The next part of the section explains how ITCs essentially function. The data structure is based on the fact that the clock which is used to measure causality or conflicts are based on keyspace regions.

On forking, the parent of the fork gives away part of its keyspace to the children that emerge out of the fork. An example is given below in Fig. 3 to illustrate this. Initially, the system starts with a single node and a keyspace of {1}. Then on forking, it generates two nodes with keyspaces in the range [0, 1/2) and [1/2, 1), which is depicted as {1, 0} and {0, 1}. Imagine a new node wants to join the system. Let’s assume it approaches the node with keyspace of range [0, 1/2). This node now gives a part of keyspace to the new node by forking. So the new children formed by the forks are depicted as {{1, 0}, 0}, {{0, 1}, 0}. Now let’s assume that a node wants to retire. Let this node be {{0, 1}, 1}. It needs to merge the events that it has observed till now with some node in the system. The mechanism by which events are tracked in the data structure is explained later. Now this node contacts a random node {0, 1} and merges to form {{0, 1}, 1}. This is explained in the figure given below.

Fig. 3: Keyspaces in ITC

Fig. 3: Keyspaces in ITC

With this method of keyspace generation, we can assure that generation, termination and recycling of identifiers for nodes can happen without causing identity conflicts. Once the identifiers are allocated, event tracking should be taken care. We need to understand that any event that occurs can only be added to the current id of the node. As long as the subset of the id is not null, the event can inflate itself into a subspace. A simple example of how ITC functions is as follows.

Fig. 4: An example of ITC

Fig. 4: An example of ITC

  1. Initially the root node forks into two nodes. The top node is represented by {1, 0} and the bottom one as {0, 1}.

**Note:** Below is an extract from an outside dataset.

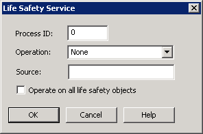 The Life Safety Service dialog box allows you to perform the life safety operation when you have a Life Safety Point or Zone selected.

  2. Events occur in both nodes, {1, 0} and {0, 1}. Hence we see a light grey box placed over the line. The dark grey box represents the keyspace range for a given node and light grey represents the events. Remember that events can only be inflated within any subset of the node’s keyspace.

  3. The node {1, 0} forks and becomes {{1, 0}, 0} and {{0, 1}, 0}. Notice how in node {{1, 0}, 0} event is added only within the key-range [0, 1/4).

  4. The nodes {{0, 1}, 0} and {0, 1} trigger a synchronise function. As discussed earlier, synchronise is a merge of join and fork. Join merges the keyspace and updates the events in both and they fork back and nodes get their respective keyspaces back. Notice how at the end of the sync operation, the events have merged using a union operation.

  5. Again the nodes perform join operations and an event occurs in the keyspace. The last node that is depicted in the image is an example of a normal form. Normal forms and merge conflicts are not discussed in this blog.

Tracking Causality#

There can be implementations for both Vector Clocks as well as Version Vectors using ITC. If the user’s intention is to track causal ordering in the system, a vector clock can be used. Otherwise, if just the causal ordering of key modifications are required, Version Vectors can be used. This blog discusses only implementing a dynamic Vector Clock using Interval Trees. The figure below shows how causality tracking is similar in both Vector Clocks and ITC. An example of how ordering of two stamps can be determined in ITC graphs is shown in Fig. 5

Fig. 5: Comparision between two stamps in Vector Clock and
ITC

Fig. 5: Comparision between two stamps in Vector Clock and ITC

Fig. 6 shows how static Vector Clocks can be implemented using ITC. The top left corner shows the corresponding Vector Clock implementation. In Fig. 6 we can see that whenever a new node enters the system a fork is created from a node and when a node wants to communicate with another node a send operation is performed, and hence the local clock for that node is updated.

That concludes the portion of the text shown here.